= Beginning of Section =

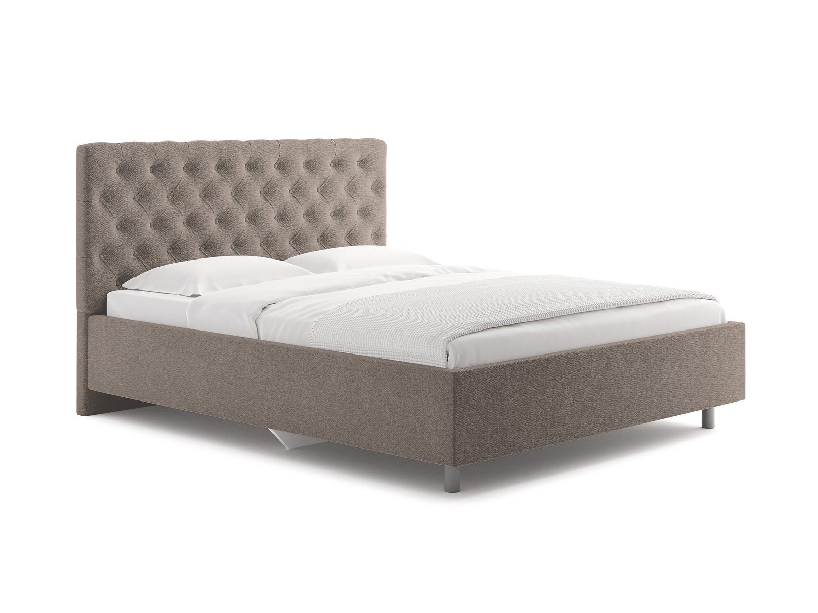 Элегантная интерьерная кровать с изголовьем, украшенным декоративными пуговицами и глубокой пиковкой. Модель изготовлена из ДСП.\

= End of Section =
= Beginning of Section =

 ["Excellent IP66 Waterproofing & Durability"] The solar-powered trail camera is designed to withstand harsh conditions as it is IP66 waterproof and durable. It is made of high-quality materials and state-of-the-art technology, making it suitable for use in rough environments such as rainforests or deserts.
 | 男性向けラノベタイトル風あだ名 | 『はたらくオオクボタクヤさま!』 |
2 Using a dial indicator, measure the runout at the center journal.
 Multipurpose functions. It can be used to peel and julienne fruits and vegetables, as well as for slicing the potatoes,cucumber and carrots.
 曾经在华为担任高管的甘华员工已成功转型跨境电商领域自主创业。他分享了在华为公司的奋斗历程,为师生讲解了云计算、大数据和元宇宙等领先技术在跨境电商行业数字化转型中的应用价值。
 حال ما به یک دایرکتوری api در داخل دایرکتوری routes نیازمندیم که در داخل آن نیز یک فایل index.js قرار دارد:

= End of Section =

TASK TO CARRY OUT - Set down, from the entries above, exactly the lines from the one with "2 Using a dial" up to and including the one with "Multipurpose functions. It", and no other lines.

WRITTEN RESPONSE -
2 Using a dial indicator, measure the runout at the center journal.
 Multipurpose functions. It can be used to peel and julienne fruits and vegetables, as well as for slicing the potatoes,cucumber and carrots.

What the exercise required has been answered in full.